We certainly recognize some limitations of this research and the opportunities it presents for future work. First, we limited our framework for configuring supply chains to the operational and tactical levels. Strategic configurations of supply chains were not explored. Strategic configurations would be relevant when companies make more fundamental decisions, such as those involving a choice between make versus buy, or operating in a brick-and-mortar versus internet environment, etc. For example, the move from a traditional bookstore to online book distribution would definitely require major reconfiguration of the supply chain, and also of the information sharing patterns. Extending this framework to encompass strategic supply chain configurations is left as a future exercise. Second, in this research, we focus on configurations that are driven by information sharing. A supply chain is certainly a value-creating network with multiple-channels of communication involving product, service and information (Parolini 1999). A possible area for future research is to bring product and service also into the scope of supply chain configurations. Third, this paper focuses on the methodology and the technology framework for configurable supply chains. A promising next step would be to test this framework through a real implementation and provide an empirical study in terms of its performance over typical supply chain management applications.

In addition, supply chain configurations must be further validated both syntactically and semantically. Syntactically, the ECA rules in each configuration must not conflict. Semantically, each parameter in an ECA rule should be checked. For example, if the “condition” clause in an ECA rule specifies the required order fill rate, this parameter can only be adjusted in a reasonable value range. In general, to ensure that a configuration is semantically correct, we may need to specify valid value ranges for each parameter. Therefore, a detailed procedure for validation should be developed. Finally, in the information sharing model, the cost of information sharing has been neglected. This assumption is reasonable since supply chain partners have highly automated enterprise systems and fast, integrated information exchange infrastructures. Thus, the cost differential of message exchange between a one message-per-week versus a one-message-per-day scenario is very small. On the other hand, the cost of information sharing may also need to consider the costs related to gathering data, preparing information in proper formats, processing shared information, maintaining data, and other data management efforts.

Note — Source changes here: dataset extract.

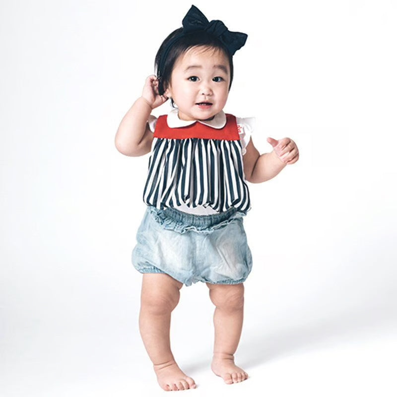 丸襟が女の子らしく、赤とストライプのコントラストが目を引くスタイ。

Hence, a more accurate model should include this cost as another parameter.

7 Conclusions

Information sharing plays a key role in supply chain collaboration, which requires timely information about suppliers, manufacturing, distribution, retailing, and demand. In this paper, we introduced a new methodology to leverage information sharing for configuring supply chains based on well-known technologies, such as UML, XML and ECA rules. This methodology consists of several steps, many of which can be automated (or partially automated) using existing tools. Through this methodology, we are able to analyze information sharing, create supply chain configurations, evaluate configurations and use them suitably in response to supply chain changes.

We showed that supply chain changes (e.g., changes in cost structures, market competitiveness and demand variability etc.) and exceptions can lead to different information sharing requirements and then suitable configurations should be selected to meet the requirements. The results of the simulation show that well-designed configurations can lead to improved performance of a supply chain. Finally, we developed an architecture to implement our methodology and also discussed managerial implications of this work.